Don't get me wrong, I'm not red-lighting the whole thing and I'm not calling it fake, I'd just love to see it working. That takes time, and I'm willing to wait just to see who was "right" about the issue.


----------



## heartgold (Mar 2, 2012)

SifJar said:


> heartgold said:
> 
> 
> > It's a matter of time, keys need to leaked. Who knows how long it will take.
> ...


That's all good, where did i mention retail units in my post? I was referring to dev units as well. 

i.e someone may have gotten hold of such equipment by chance, but needs keys etc.


----------



## XXLANCEXX (Mar 2, 2012)

I'ts finding the keys just like finding the PS3 keys all over again imo


----------



## shakirmoledina (Mar 2, 2012)

usually it takes a nudge to get things started. crown was more like "we are done now wait". this is more like "we think we might have got an idea" hence ppl move forward from there.

what i remember is the math (ps3 dev) was talking about when he said he decrypted 3.7 game (if i am not mistaken) but never released the code. someone (or some people) came forward to test his theory and called it "trolling".
if u release something, it can be considered credible or at least a good attempt.

this is better than nothing that is happening for the 3ds at the moment.


----------



## raulpica (Mar 2, 2012)

Xcution said:
			
		

> I understand some of the misinformed users of gbatemp may think this is developer-only but in fact it can be retail signed, provided the right RSA keys.


Dear Xcution, 
we're not misinformed, it's just that as there's no RSA key publicly available, it's just for dev-units anyway.

Sincerely,
GBAtemp


----------



## mysticwaterfall (Mar 2, 2012)

So, I may have gotten yelled at for this in the vita homebrew thread, but here I think we can ageeecalling this the first homebrew is very misleading. It's a file that may or may not do anything that nobody can actually run.  Its a potentially exciting step that may lead to something cool, but right now its just sort of there.


----------



## SifJar (Mar 2, 2012)

heartgold said:


> That's all good, where did i mention retail units in my post? I was referring to dev units as well.
> 
> i.e someone may have gotten hold of such equipment by chance, but needs keys etc.

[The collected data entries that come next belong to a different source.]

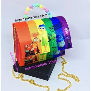 Material Principal: Couro PU Forro: Poliéster Número de Alças: Única Decoração: Impressão de desenho animado do filme Divertidamente Estilo: Casual Gênero: Meninas Idade Recomendada: 4 a 10 anos Tamanho: 15 x 13 x 6 cm Peso: 200g Abertura: Botão de Imã
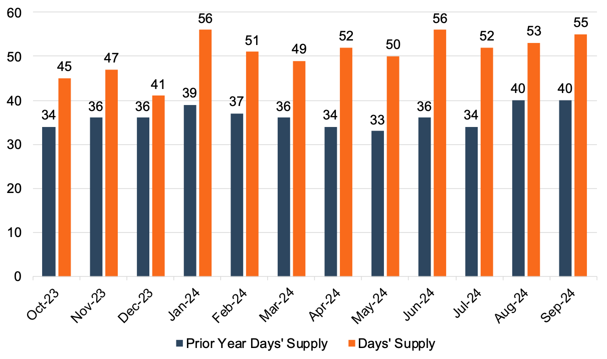 Taking a different look at inventory levels, days’ supply came in at 55 days in September 2024. Compared to days’ supply of 40 in September 2023, we see that the global supply chain has made significant progress in building inventory levels up; however, it is important to note that inventory levels vary greatly from brand to brand. The chart below presents days’ supply for U.S. light vehicles over the past 24 months (per Wards Intelligence).
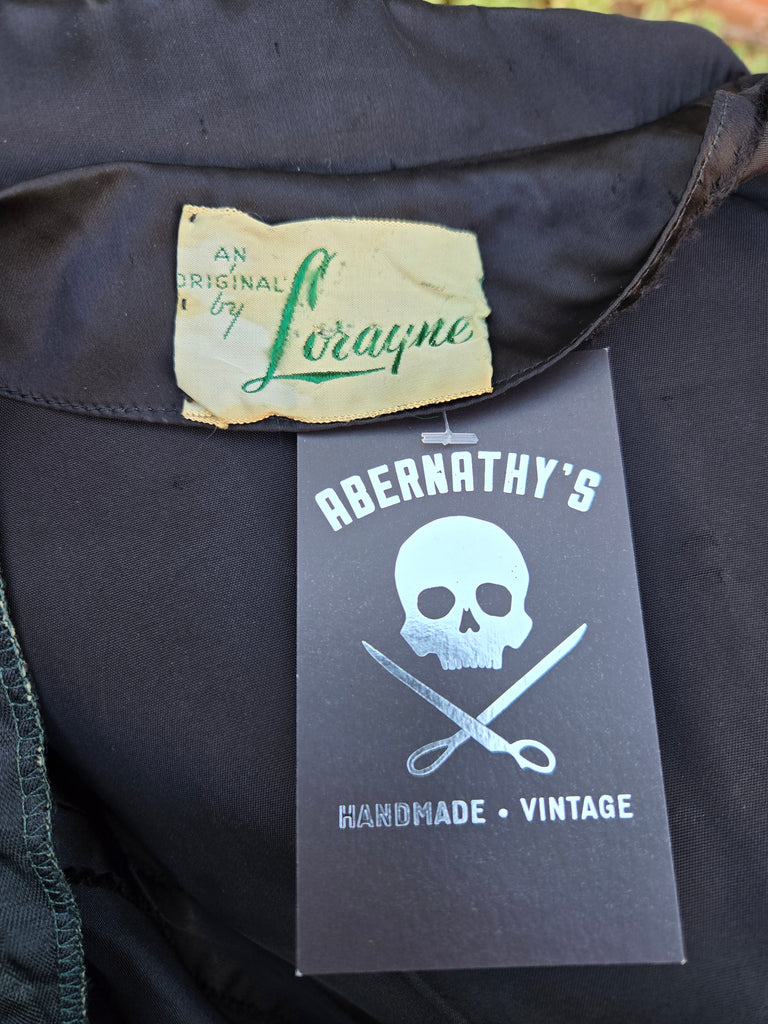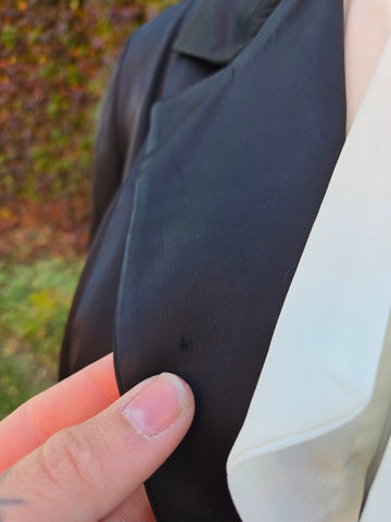 Vintage 1940s black satin Marlene Dietrich inspired blazer jacket. This jacket features pointed cuffs, pockets, and button closures.
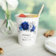 Eleganter, königsblau-silberfarbener Hochzeitspapier-Becher mit elegantem Bouquet von königsblau, Marine, silber, reine weiße Rose Blume Knospen und Salbei grün Eukalyptus-Blätter. Bitte kontaktieren Sie mich für Hilfe bei der Anpassung oder wenn Sie ein anderes Produkt mit diesem Design benötigen.
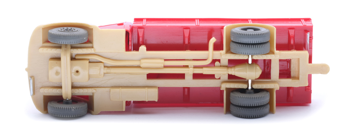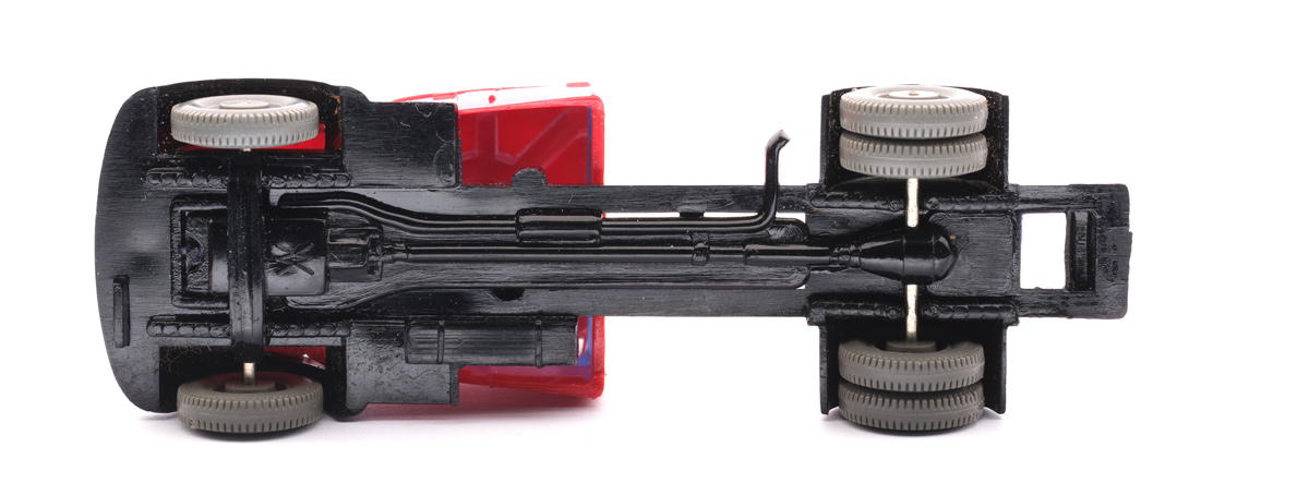 Die erste Feuerwehrversion des Chassis entspricht dem Chassis Typ 2 - nur das in der Form der Zughaken entfernt wurde. D.h. breite Kardanplatte (mit vorne halbrunder Aussparung), die den Blick auf das durchbrochene Chassis verschließt, der hinten offene Chassisbereich hat nach innen einen Kasten, das vordere Kennzeichen verspringt gegenüber der Stossstange etwas nach hinten, ohne vordere Kupplung. Ohne Germany-Gravur. zeige die Modelle mit diesem Detail |
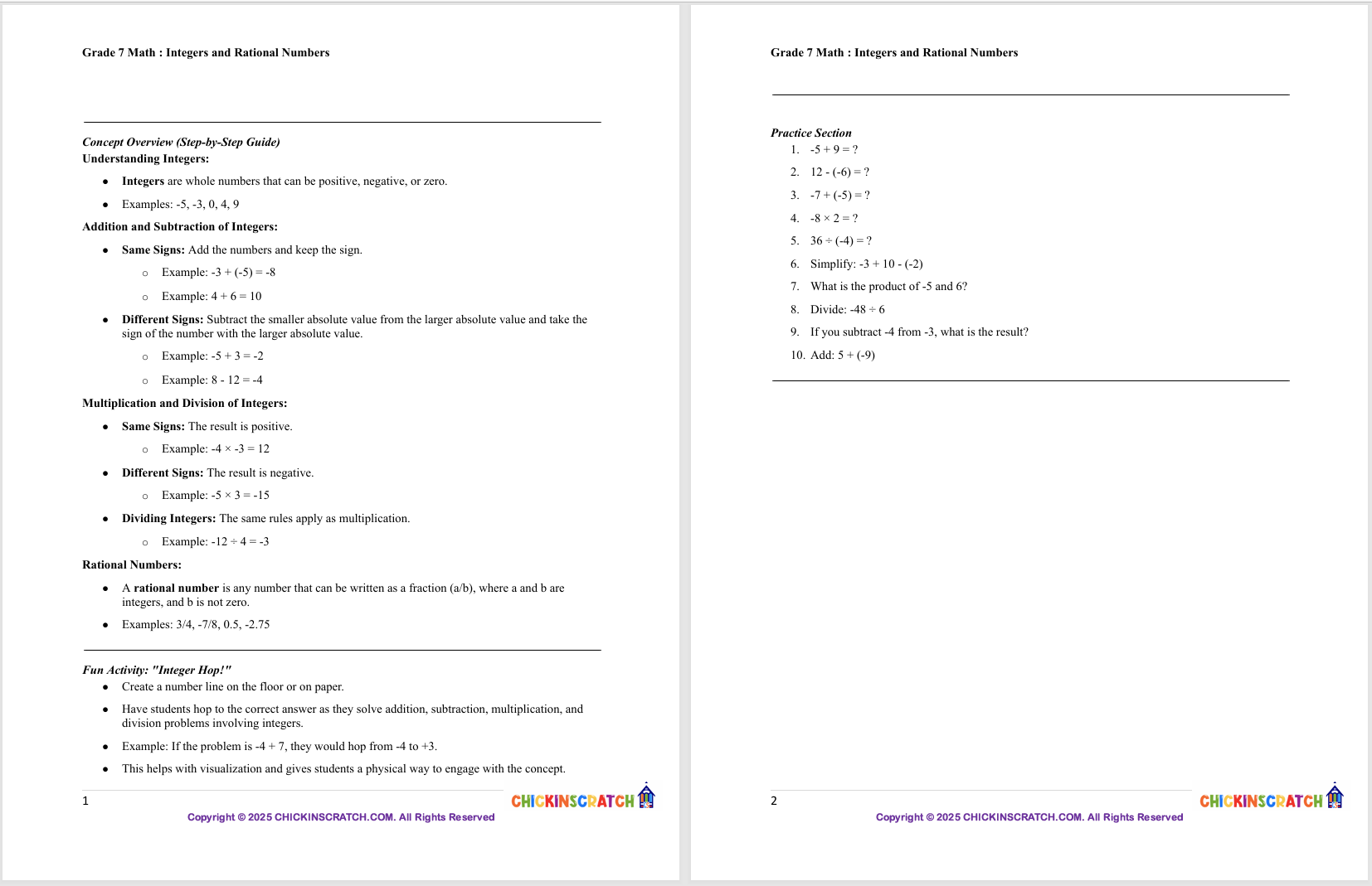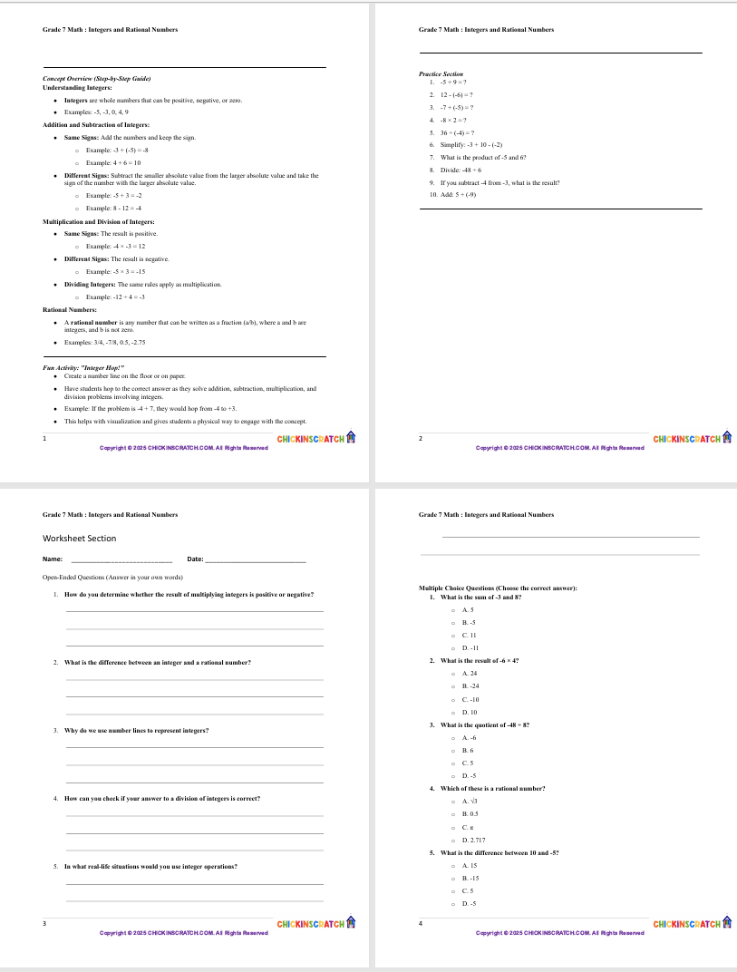 These worksheet sets help 7th graders master operations with integers and rational numbers, including positive and negative values, fractions, and decimals. Students will practice adding, subtracting, multiplying, and dividing through a variety of engaging problems. A complete answer key is included for easy grading or self-checking—perfect for classroom work, homework, or extra practice!
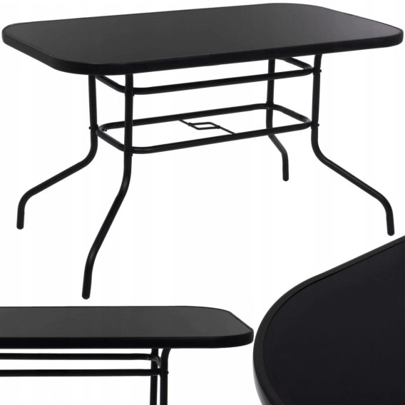 Stół ogrodowy szklany 120x70 cm na taras ogród szkło hartowane czarny
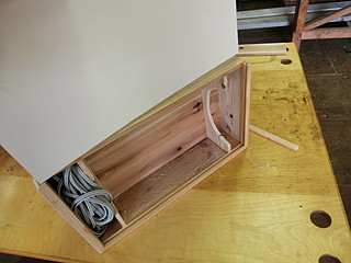残っていたスギ板で箱を作る。今回は電源ケーブルとリモコンも入れることができるように内部を3つのブロックに分けた。
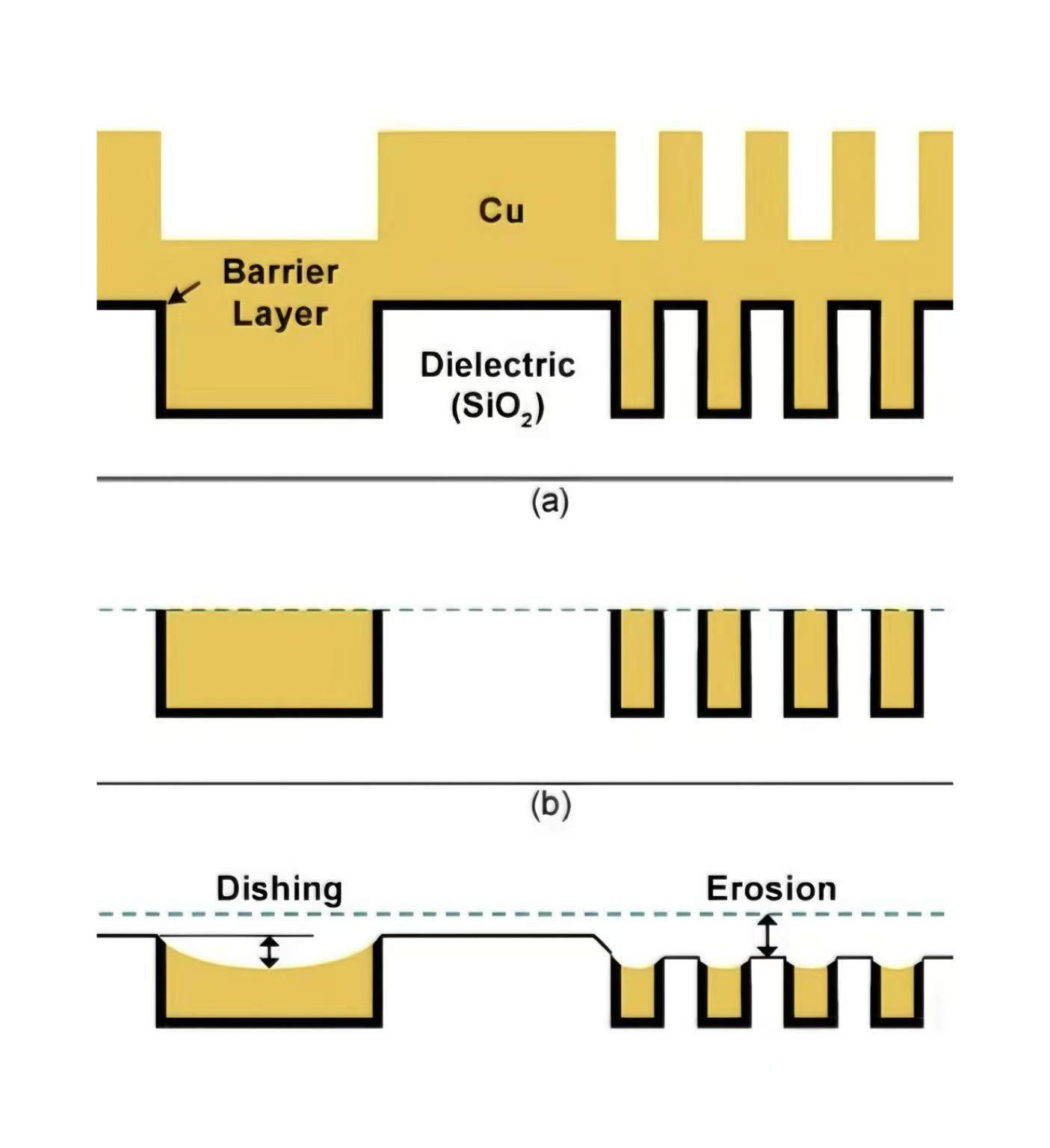 Kemiallinen mekaaninen kiillotus (CMP), jossa yhdistyvät kemiallinen korroosio ja mekaaninen kiillotus pinnan epätäydellisyyksien poistamiseksi, on merkittävä puolijohdeprosessi, jonka avulla saavutetaan koko pinnan tasoitus.vohvelipinta. CMP johtaa kahteen pintavirheeseen, kuoppaan ja eroosioon, jotka vaikuttavat merkittävästi liitosrakenteiden tasaisuuteen ja sähköiseen suorituskykyyn.

Anyone who has a dev unit has the keys they need. There is zero point in the keys being made public as they would be of zero use to anyone else and it would just give noobs false hope.




XXLANCEXX said:


> I'ts finding the keys just like finding the PS3 keys all over again imo


This is nothing like the PS3. In the PS3, the keys could be calculated because Sony screwed up implementing the signing algorithm. It is unlikely Nintendo will have done anything similar, especially seeing as on the PS3 it was brought to light so companies will be more mindful of that sort of thing now. Bear in mind that the PS3 is the only (?) console ever to have had it's private keys released publicly. There is little to no chance that the keys for signing a CXI for a retail unit will *EVER* be released to the public. Or even discovered by hackers. And regardless of this, as I have said several times in this thread already, there is *no way to run CXI files on a retail 3DS anyway.* Regardless of keys.


----------



## Foxi4 (Mar 2, 2012)

XXLANCEXX said:


> I'ts finding the keys just like finding the PS3 keys all over again imo


Only the PS3 keys weren't found, they were stolen.


----------



## loco365 (Mar 2, 2012)

SifJar said:


> heartgold said:
> 
> 
> > It's a matter of time, keys need to leaked. Who knows how long it will take.
> ...


It'd be as funny as hell if the dev keys were the same as the retail keys.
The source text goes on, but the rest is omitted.